We prefer and recommend executable specifications rather than unit tests - describing the behaviour of the system in easily understandable business language, and we can apply this approach to testing Dataflows quite easily. In a .NET test project. this probably means using SpecFlow - a .NET test runner implementation of the BDD Gherkin language. Taking a "feature-per-entity" approach, an example specification for an Orders
Entity in a larger Sales
Dataflow might look like this:
The feature covers three scenarios - validating the schema of the Entity is correct, validating that all the data is present using the row count, and validating the specific field values of a sample of the first 5 rows.
Behind the feature, the C# steps connect to the Data Lake storage using the adapter in the CDM SDK, retrieve the Entity definition from the model manifest to validate its properties, and finally follow the paths returned for the data partitions to load and parse the data from storage to assert that it matches the expected results.

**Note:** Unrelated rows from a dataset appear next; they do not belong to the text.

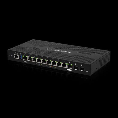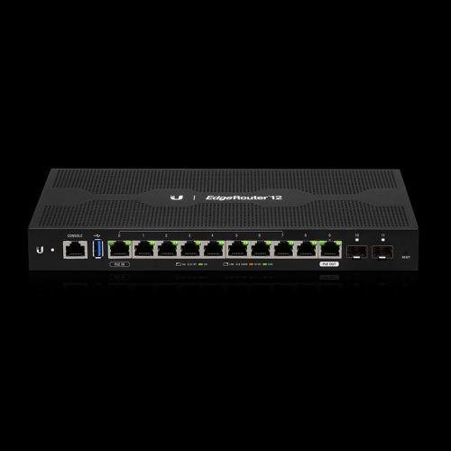 - EdgeRouter ER-12 có khả năng chịu tải 600 user đồng thời. Với 10 cổng RJ45 và 2 cổng SFP có thể chuyển đổi WAN và LAN linh hoạt nên thiết bị có thể cân bằng tải cho phép cộng gộp băng thông tối đa 11 đường truyền internet.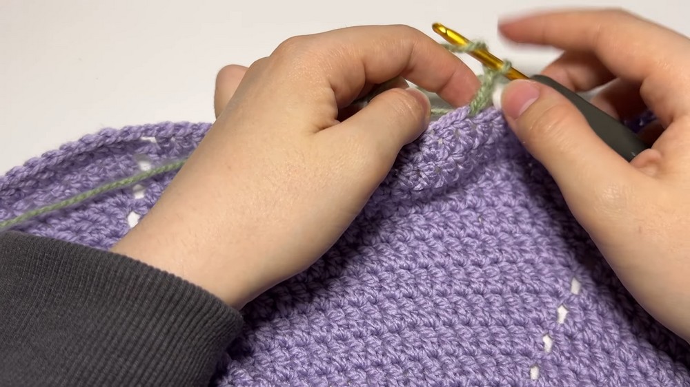 - Repeat the pattern (increase, two double crochets, chain 1) for all stitches.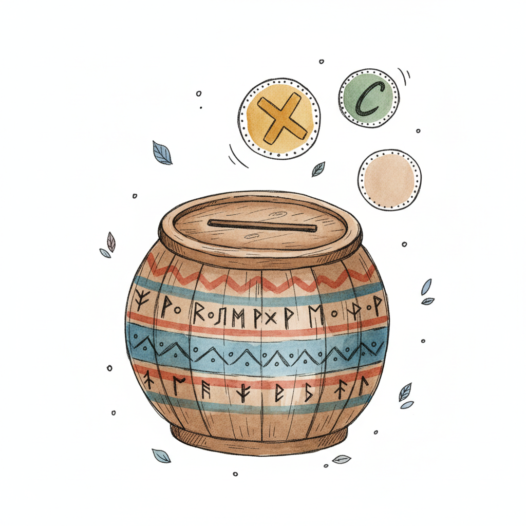 Aquarell-Illustration eines Holzfasses mit Runenmuster und fallenden Münzen.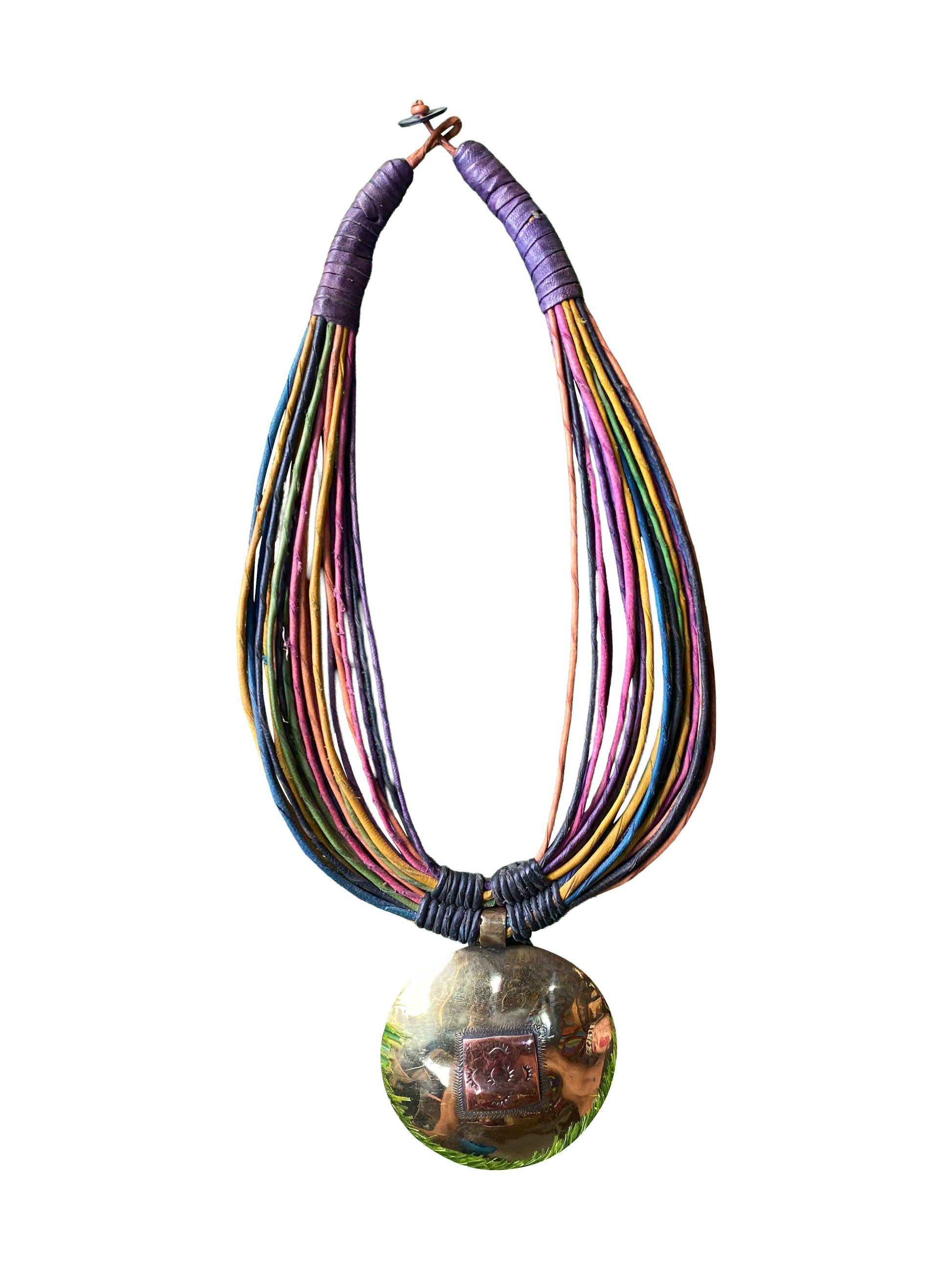 Die mehrsträngigen Lederbänder verweisen auf eine ebenso lange Tradition der Lederverarbeitung. Leder war und ist ein alltägliches, aber zugleich hochwertiges Material, das durch Färbung, Flechtung und Bündelung individuell gestaltet wird. Die Kombination aus Leder und Metall ist typisch für Schmuckstücke, die sowohl robust als auch ausdrucksstark sein sollen.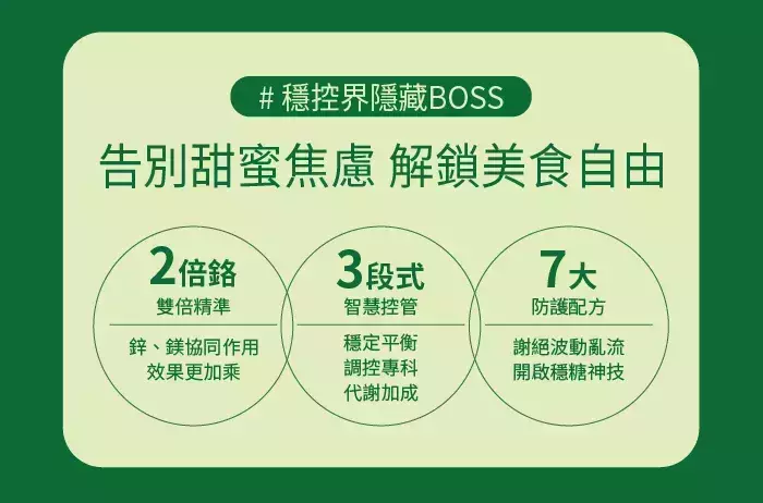 拒絕醣類搗蛋,告別甜蜜焦慮。穩健人生好幫手,拒絕代謝亂流,輕鬆打退糖鼓,吃貨終極外掛,秒開穩糖神技。

And what's great is that this feature is entirely reusable as a template for other Entities as they're added, as all of the steps are parameterised, or driven from the data tables.
Recapping the approach
Putting it all together, a comprehensive approach to testing Power BI Dataflows can be achieved by:
- Enabling the Azure Data Lake integration (preview) feature, so that Dataflow output is stored in your own Data Lake and can be accessed programmatically
- Using the Common Data Model (CDM) SDK, including the Azure Data Lake adapter, to connect to the CDM output to navigate and test the Entity schema definitions
- Follow the data partition URLs in the CDM manifest to retrieve the data for each Entity from the Data Lake, to test that the Dataflow has run successfully
- Write executable specifications to test the Dataflow definition and data at the Entity level - these can be run manually or as part of an automated DevOps pipeline
Conclusion
Whilst testing Power BI Dataflows isn't something that many people think about, it's critical that business rules and associated data preparation steps are validated to ensure the right insights are available to the right people across the organisation. Whilst there's no "obvious" way to test Dataflows, this post outlines an approach that endjin has used successfully to add quality gates and build confidence in large and complex Power BI solutions.